Ontario MPP
- In office 1959–1987
- Preceded by: M.C. Davies
- Succeeded by: Mike Ray
- Constituency: Windsor—Walkerville

Personal details
- Born: August 4, 1914 Windsor, Ontario, Canada
- Died: November 6, 1995 (aged 81) Windsor, Ontario, Canada
- Political party: Liberal
- Spouse: Lee Newman
- Children: 5
- Occupation: Teacher, athletics coach

= Bernard Newman (politician) =

Canadian politician (1914–1995)

Bernard Newman (August 4, 1914 – November 6, 1995) was a Canadian politician in Ontario. He was a Liberal member of the Legislative Assembly of Ontario from 1959 to 1987 who represented the riding of Windsor—Walkerville.

==Background==
Newman was born in Windsor, Ontario. He received a Bachelor of Arts degree from Assumption College at the University of Windsor, and began working as a secondary school teacher in 1934. He also reached the rank of Lieutenant in the Canadian Armed Forces. A star athlete in high school, Newman served as national chairman of gymnastics for the Amateur Athletic Union of Canada in 1955-56, and coached the Canadian gymnastic team at the 1956 Olympic Games, the 1958 World Games and the 1959 Pan-American Games. Newman died on November 6, 1995, at the age of 81, after being diagnosed with Alzheimer's disease.

==Politics==
Newman was elected as a Windsor alderman in 1954, and served three terms on the city council from 1955 to 1960.
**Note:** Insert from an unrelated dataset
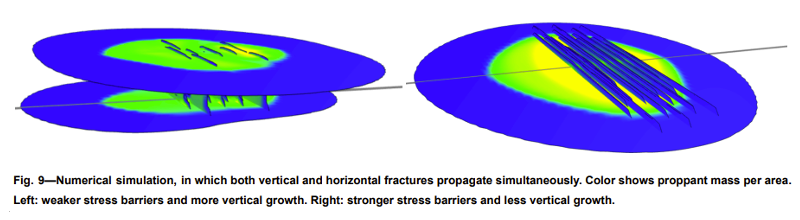 Conventionally, we might expect horizontal or subhorizontal fractures to only form in reverse faulting regimes, when the minimum principal stress is vertical. However, these fractures can also form normal and strike-slip faulting regimes because the stress shadowing from vertical fractures increases the horizontal stresses more than the vertical stresses. Eventually, sufficient horizontal stress can build up such that the fluid pressure exceeds the overburden.

In the 1959 provincial election he ran as the Liberal candidate in the riding of Windsor—Walkerville. He defeated Progressive Conservative Roy Hicks by 1,024 votes. He was re-elected seven more times before retiring from the legislature in 1987 after 28 years of service.

From 1959 to 1985, he sat in opposition. Following the 1985 election, the Liberal Party ended forty-two years of Progressive Conservative government in Ontario by forming a minority administration with outside support from the NDP. He served as a backbench supporter of the David Peterson government. He did not seek re-election in 1987.